Le Conseil de sécurité de l'ONU a réclamé mardi le départ des mercenaires et des combattants étrangers de Libye, dans une déclaration unanime incluant la Russie. Cette dernière était soupçonnée d'avoir couvert l'envoi dans ce pays de paramilitaires du groupe privé russe Wagner.

"Il y a dix bases militaires totalement ou partiellement occupées par des forces étrangères" - Mme Williams

Dans cette déclaration, les 15 membres du Conseil de sécurité appellent "au retrait de tous les combattants et mercenaires étrangers de Libye conformément à l'accord de cessez-le-feu conclu par les parties libyennes le 23 octobre, aux engagements des participants à la Conférence de Berlin (en janvier) et des résolutions pertinentes du Conseil de sécurité de l'ONU".
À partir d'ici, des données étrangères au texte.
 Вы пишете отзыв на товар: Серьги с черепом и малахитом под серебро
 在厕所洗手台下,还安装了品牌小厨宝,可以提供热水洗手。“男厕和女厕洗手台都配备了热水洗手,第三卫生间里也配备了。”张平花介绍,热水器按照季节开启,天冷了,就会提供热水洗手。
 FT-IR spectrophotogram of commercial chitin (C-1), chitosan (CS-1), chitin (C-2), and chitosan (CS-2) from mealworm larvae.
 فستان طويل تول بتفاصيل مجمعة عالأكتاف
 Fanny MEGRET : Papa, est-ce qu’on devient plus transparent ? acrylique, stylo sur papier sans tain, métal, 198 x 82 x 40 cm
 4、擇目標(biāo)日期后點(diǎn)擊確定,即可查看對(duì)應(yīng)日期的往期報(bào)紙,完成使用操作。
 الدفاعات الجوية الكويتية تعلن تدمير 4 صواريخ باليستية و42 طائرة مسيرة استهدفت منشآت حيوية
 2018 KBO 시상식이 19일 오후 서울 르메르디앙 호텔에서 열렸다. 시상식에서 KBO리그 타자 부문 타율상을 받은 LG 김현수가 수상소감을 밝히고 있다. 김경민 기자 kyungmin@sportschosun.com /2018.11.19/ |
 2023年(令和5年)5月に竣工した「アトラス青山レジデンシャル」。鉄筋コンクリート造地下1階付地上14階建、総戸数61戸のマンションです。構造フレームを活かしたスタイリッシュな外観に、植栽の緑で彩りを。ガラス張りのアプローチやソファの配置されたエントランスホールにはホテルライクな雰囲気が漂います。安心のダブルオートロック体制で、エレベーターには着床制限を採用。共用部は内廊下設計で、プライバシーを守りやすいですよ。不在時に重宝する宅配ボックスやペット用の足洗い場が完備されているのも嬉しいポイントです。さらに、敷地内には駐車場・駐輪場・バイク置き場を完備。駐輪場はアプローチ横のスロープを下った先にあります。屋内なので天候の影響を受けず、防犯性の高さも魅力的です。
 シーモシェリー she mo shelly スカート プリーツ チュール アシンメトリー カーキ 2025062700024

Ce communiqué a été rendu public à l'issue d'une visioconférence à huis clos du Conseil sur la Libye, mardi dernier.

Cessez-le-feu

Dans sa déclaration, le Conseil de sécurité souligne aussi "l'importance d'un mécanisme de surveillance du cessez-le-feu crédible et efficace dirigé par la Libye". Le secrétaire général de l'ONU, Antonio Guterres, doit remettre fin décembre au Conseil des options pour la création de ce mécanisme qui opérerait sous l'égide des Nations unies. À cet égard, les Européens souhaitent un mécanisme qui soit le plus robuste possible, pouvant comprendre une présence au sol, alors que le secrétariat de l'ONU est partisan d'une implication minimale de l'Organisation.

Une faible mobilisation

L'ONU ne dispose en Libye jusqu'à présent que d'une mission politique assez réduite, puisqu'elle est composée d'environ 230 personnes. Le mécanisme envisagé devrait permettre de surveiller l'application du cessez-le-feu et le départ des mercenaires et combattants étrangers de Libye, estiment les Européens. Ils refusent de les voir rester sur place sous l'appellation de "conseillers militaires".
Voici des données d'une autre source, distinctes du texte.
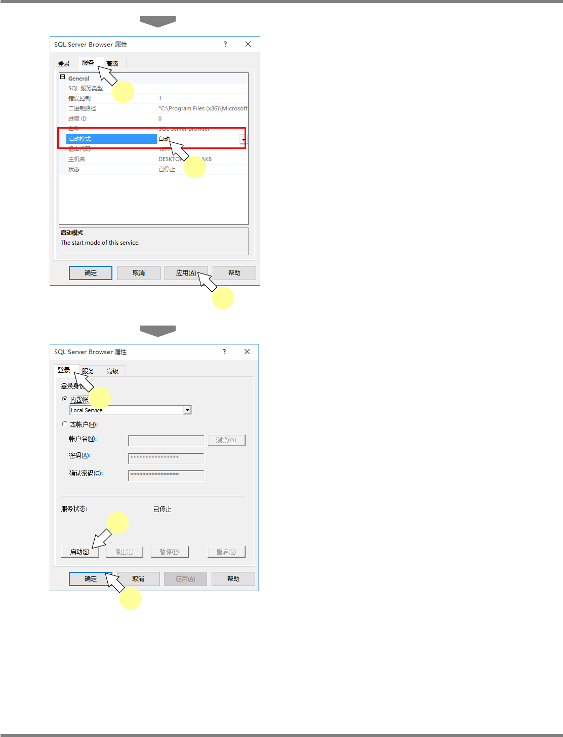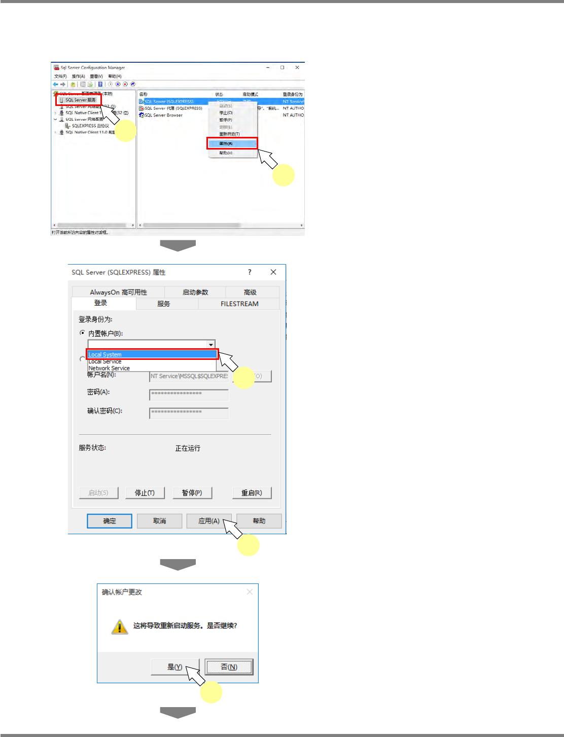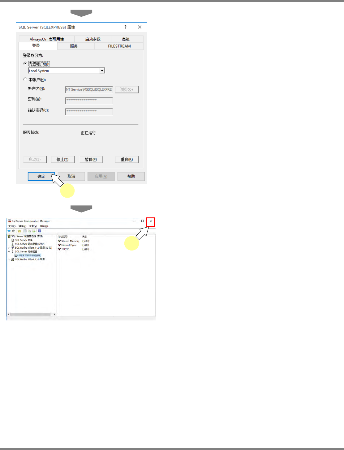 NPM-DGS 程序手册 安装以及设定 EJS9AC-MB-02P-21 Page 2-49 ⑤ 变更 SQL Server (SQLEXPRESS) 的登录设定 如果版本为 10.05.00 之后的版本,则无需本项设定。 1 选择 ‘SQL Server 服务 ’ 。 2 在 ‘SQL Server (SQLEXPRESS)’ 上右 击,然后点击 [ 属性 ] 。 3 将 [ 登录 ] 选项卡的 ‘ 内置帐户 ’ 变更为 ‘Loc…
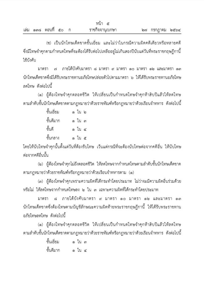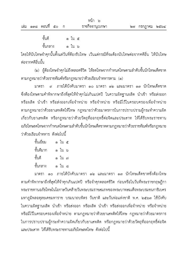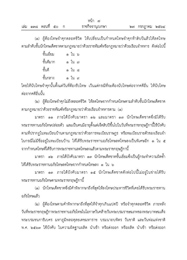 กรุงเทพฯ 27 ก.ค. – พระบาทสมเด็จพระเจ้าอยู่หัว โปรดเกล้าฯ พระราชทานอภัยโทษ เนื่องในโอกาสวันเฉลิมพระชนมพรรษา 28 กรกฎาคม 2564 ซึ่งนับเป็นพระมหากรุณาธิคุณอย่างหาที่สุดมิได้แก่ผู้ต้องราชทัณฑ์ทั่วประเทศ
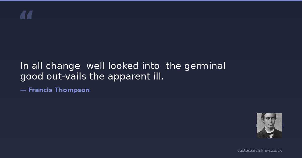 In all change well looked into the germinal good out-vails the apparent ill.
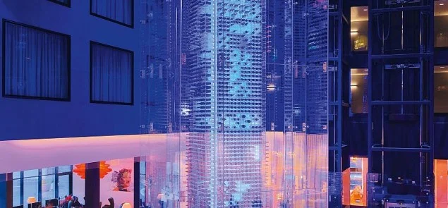 To prawdziwie niezwykła budowla. Wysoka na 16 metrów, wykonana z 38. grubych, akrylowych paneli, kryje w sobie równie przezroczyste stojaki, w których umieszczono 4 tysiące butelek przedniego wina i szampana. Wartość zgromadzonych w wieży trunków przekracza zazwyczaj 220 tysięcy franków szwajcarskich, co dla posiadacza kredytu w tej walucie w naszym banku, może być kłopotem sercowym. Spektakularna wieża to trzeci tego typu projekt, dwa poprzednie są w Radissonach w Las Vegas i Londynie. Wieczorami, pomiędzy 17:15 a 23:30, odbywa się tam niezwykły spektakl. Wine Angels, czyli dziewczyny ubrane na biało i zawieszone na specjalnej uprzęży prezentują akrobatyczny taniec a jeśli ktoś zamówi konkretny gatunek wina, który zamknięty jest w wieży, aniołek mu tę butelkę dostarczy, wykonując przy tym kilka karkołomnych ewolucji. Oczywiście wszystko jest skomputeryzowane i stojak z trunkiem natychmiast zostaje podświetlony, zresztą wieża nieustannie zmienia kolory i jest industrialnym szaleństwem. Wystarczy dodać, że projekt i wykonanie ważącej ponad 27 ton konstrukcji kosztowały około 4 milionów franków.

Début décembre, l'émissaire par intérim de l'ONU en Libye, l'Américaine Stephanie T. Williams, avait affirmé que quelque 20 000 forces étrangères étaient toujours en Libye.

"Il y a aujourd'hui dix bases militaires [en Libye] totalement ou partiellement occupées par des forces étrangères", avait-elle précisé par la suite.

Un chaos interminable

La Libye est en guerre depuis 2011. Deux autorités s'y disputent le pouvoir : le gouvernement d'union nationale à Tripoli, reconnu par l'ONU et soutenu par des forces militaires turques, et un pouvoir incarné par Khalifa Haftar, appuyé par les Émirats arabes unis, la Russie et l'Égypte.